## TASK TO CARRY OUT
Without any of the pictures, transcribe all the lines below exactly.
(PROVIDED MATERIAL Opens)
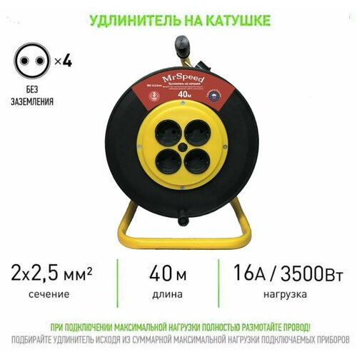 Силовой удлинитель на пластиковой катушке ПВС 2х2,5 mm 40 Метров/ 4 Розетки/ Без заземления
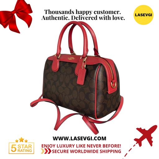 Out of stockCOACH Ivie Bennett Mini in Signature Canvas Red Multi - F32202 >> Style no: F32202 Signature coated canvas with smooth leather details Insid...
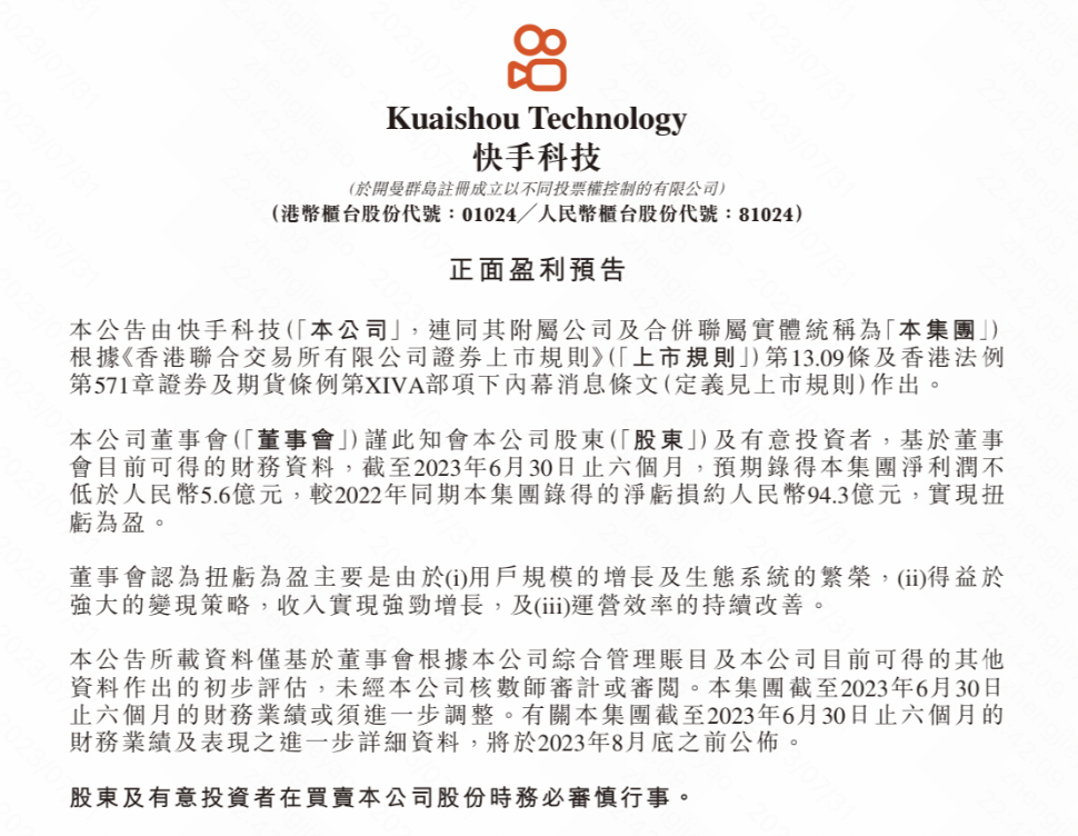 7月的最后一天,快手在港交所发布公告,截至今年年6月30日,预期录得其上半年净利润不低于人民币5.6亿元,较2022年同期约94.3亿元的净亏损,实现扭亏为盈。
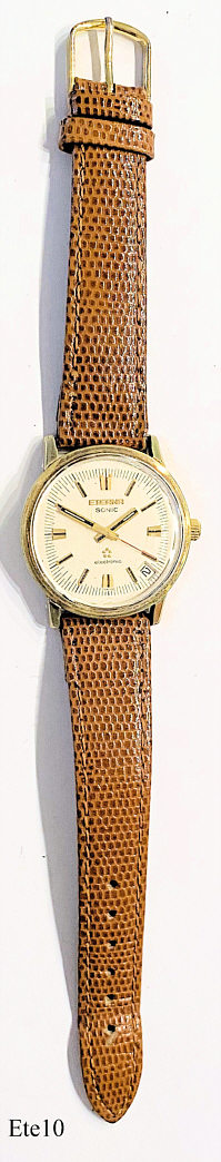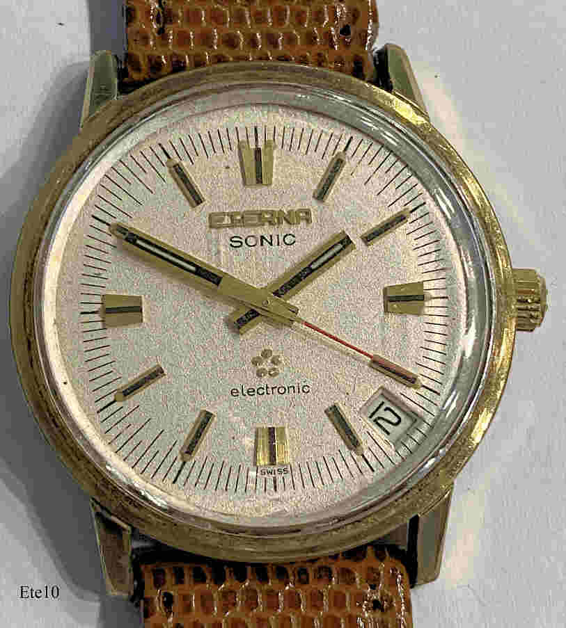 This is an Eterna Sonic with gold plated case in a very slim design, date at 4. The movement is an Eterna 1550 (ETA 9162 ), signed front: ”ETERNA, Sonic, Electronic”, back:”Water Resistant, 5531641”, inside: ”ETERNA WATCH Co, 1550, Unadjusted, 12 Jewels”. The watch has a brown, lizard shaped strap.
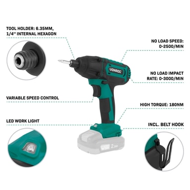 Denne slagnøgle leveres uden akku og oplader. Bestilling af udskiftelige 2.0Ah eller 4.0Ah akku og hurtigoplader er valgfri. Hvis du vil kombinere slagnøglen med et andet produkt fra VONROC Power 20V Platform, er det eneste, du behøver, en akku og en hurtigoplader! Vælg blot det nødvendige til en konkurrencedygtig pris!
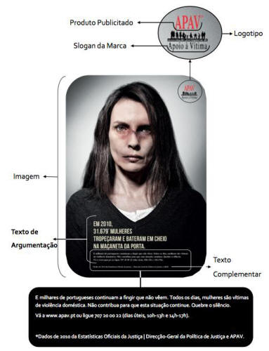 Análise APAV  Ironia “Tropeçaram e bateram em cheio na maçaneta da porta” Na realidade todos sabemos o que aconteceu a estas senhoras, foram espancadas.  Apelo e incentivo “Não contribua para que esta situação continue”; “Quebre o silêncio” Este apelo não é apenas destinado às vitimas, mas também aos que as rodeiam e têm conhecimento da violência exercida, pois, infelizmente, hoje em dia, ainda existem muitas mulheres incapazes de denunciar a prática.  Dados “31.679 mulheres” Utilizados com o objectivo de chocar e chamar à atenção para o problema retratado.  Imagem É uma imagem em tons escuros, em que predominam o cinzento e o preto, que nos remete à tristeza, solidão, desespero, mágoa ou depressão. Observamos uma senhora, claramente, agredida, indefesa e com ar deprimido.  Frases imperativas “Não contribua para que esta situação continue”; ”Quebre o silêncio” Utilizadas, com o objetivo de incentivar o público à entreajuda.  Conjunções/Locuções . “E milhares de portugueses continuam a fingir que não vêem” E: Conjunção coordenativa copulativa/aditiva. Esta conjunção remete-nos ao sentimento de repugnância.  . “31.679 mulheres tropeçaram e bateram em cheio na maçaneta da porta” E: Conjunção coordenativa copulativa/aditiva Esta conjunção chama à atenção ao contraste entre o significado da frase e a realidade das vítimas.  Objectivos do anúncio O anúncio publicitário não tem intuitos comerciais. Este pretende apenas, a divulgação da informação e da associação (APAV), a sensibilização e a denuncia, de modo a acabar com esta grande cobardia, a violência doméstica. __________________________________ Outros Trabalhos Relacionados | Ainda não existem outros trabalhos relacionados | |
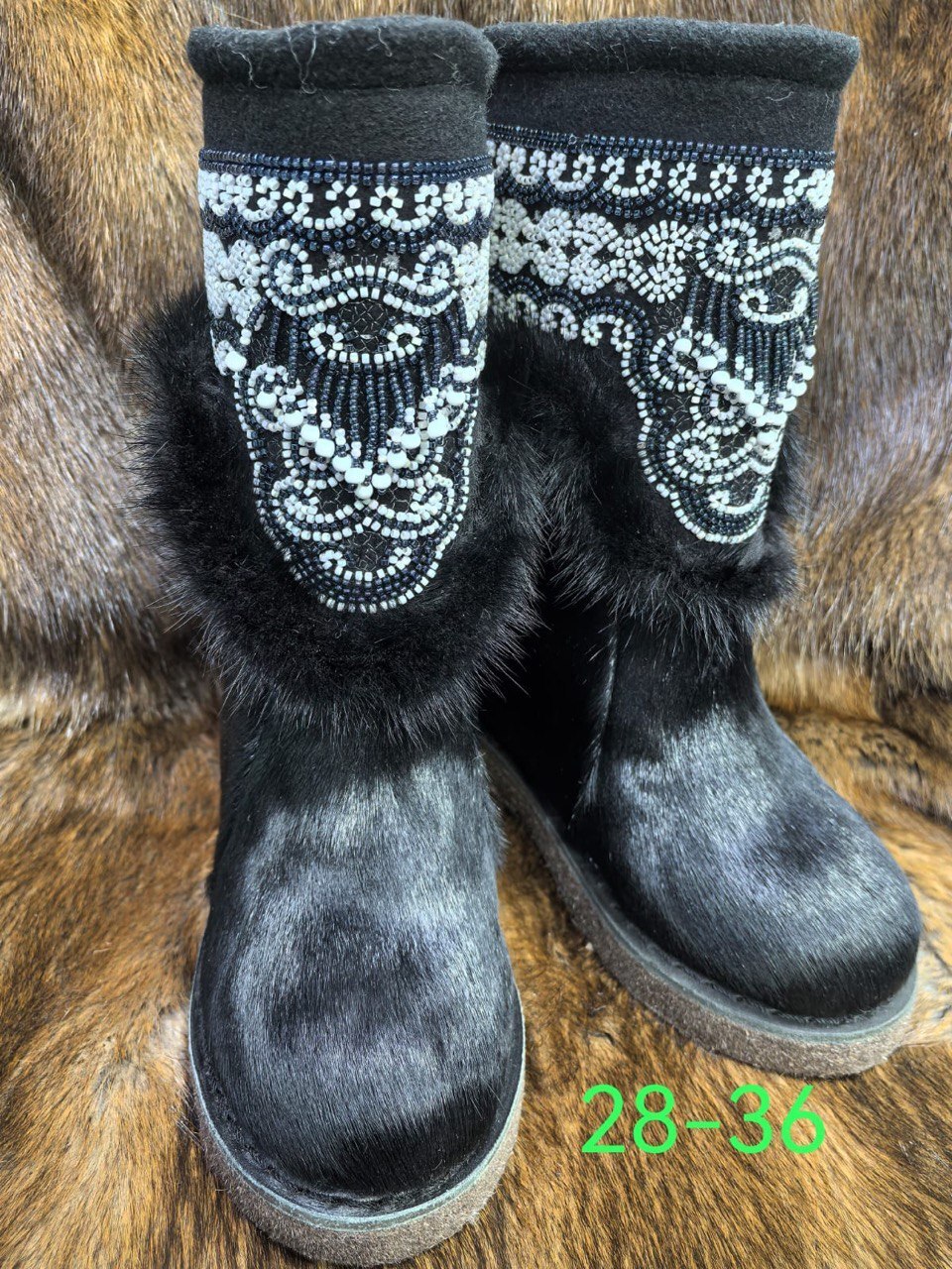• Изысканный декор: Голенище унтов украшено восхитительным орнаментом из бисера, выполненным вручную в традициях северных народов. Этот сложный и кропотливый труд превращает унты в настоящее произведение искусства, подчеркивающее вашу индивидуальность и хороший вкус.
(PROVIDED MATERIAL Closes)
## RESPONSE TO THIS EXERCISE
 Силовой удлинитель на пластиковой катушке ПВС 2х2,5 mm 40 Метров/ 4 Розетки/ Без заземления
 Out of stockCOACH Ivie Bennett Mini in Signature Canvas Red Multi - F32202 >> Style no: F32202 Signature coated canvas with smooth leather details Insid...
 7月的最后一天,快手在港交所发布公告,截至今年年6月30日,预期录得其上半年净利润不低于人民币5.6亿元,较2022年同期约94.3亿元的净亏损,实现扭亏为盈。
 This is an Eterna Sonic with gold plated case in a very slim design, date at 4. The movement is an Eterna 1550 (ETA 9162 ), signed front: ”ETERNA, Sonic, Electronic”, back:”Water Resistant, 5531641”, inside: ”ETERNA WATCH Co, 1550, Unadjusted, 12 Jewels”. The watch has a brown, lizard shaped strap.
 Denne slagnøgle leveres uden akku og oplader. Bestilling af udskiftelige 2.0Ah eller 4.0Ah akku og hurtigoplader er valgfri. Hvis du vil kombinere slagnøglen med et andet produkt fra VONROC Power 20V Platform, er det eneste, du behøver, en akku og en hurtigoplader! Vælg blot det nødvendige til en konkurrencedygtig pris!
 Análise APAV  Ironia “Tropeçaram e bateram em cheio na maçaneta da porta” Na realidade todos sabemos o que aconteceu a estas senhoras, foram espancadas.  Apelo e incentivo “Não contribua para que esta situação continue”; “Quebre o silêncio” Este apelo não é apenas destinado às vitimas, mas também aos que as rodeiam e têm conhecimento da violência exercida, pois, infelizmente, hoje em dia, ainda existem muitas mulheres incapazes de denunciar a prática.  Dados “31.679 mulheres” Utilizados com o objectivo de chocar e chamar à atenção para o problema retratado.  Imagem É uma imagem em tons escuros, em que predominam o cinzento e o preto, que nos remete à tristeza, solidão, desespero, mágoa ou depressão. Observamos uma senhora, claramente, agredida, indefesa e com ar deprimido.  Frases imperativas “Não contribua para que esta situação continue”; ”Quebre o silêncio” Utilizadas, com o objetivo de incentivar o público à entreajuda.  Conjunções/Locuções . “E milhares de portugueses continuam a fingir que não vêem” E: Conjunção coordenativa copulativa/aditiva. Esta conjunção remete-nos ao sentimento de repugnância.  . “31.679 mulheres tropeçaram e bateram em cheio na maçaneta da porta” E: Conjunção coordenativa copulativa/aditiva Esta conjunção chama à atenção ao contraste entre o significado da frase e a realidade das vítimas.  Objectivos do anúncio O anúncio publicitário não tem intuitos comerciais. Este pretende apenas, a divulgação da informação e da associação (APAV), a sensibilização e a denuncia, de modo a acabar com esta grande cobardia, a violência doméstica. __________________________________ Outros Trabalhos Relacionados | Ainda não existem outros trabalhos relacionados | |
• Изысканный декор: Голенище унтов украшено восхитительным орнаментом из бисера, выполненным вручную в традициях северных народов. Этот сложный и кропотливый труд превращает унты в настоящее произведение искусства, подчеркивающее вашу индивидуальность и хороший вкус.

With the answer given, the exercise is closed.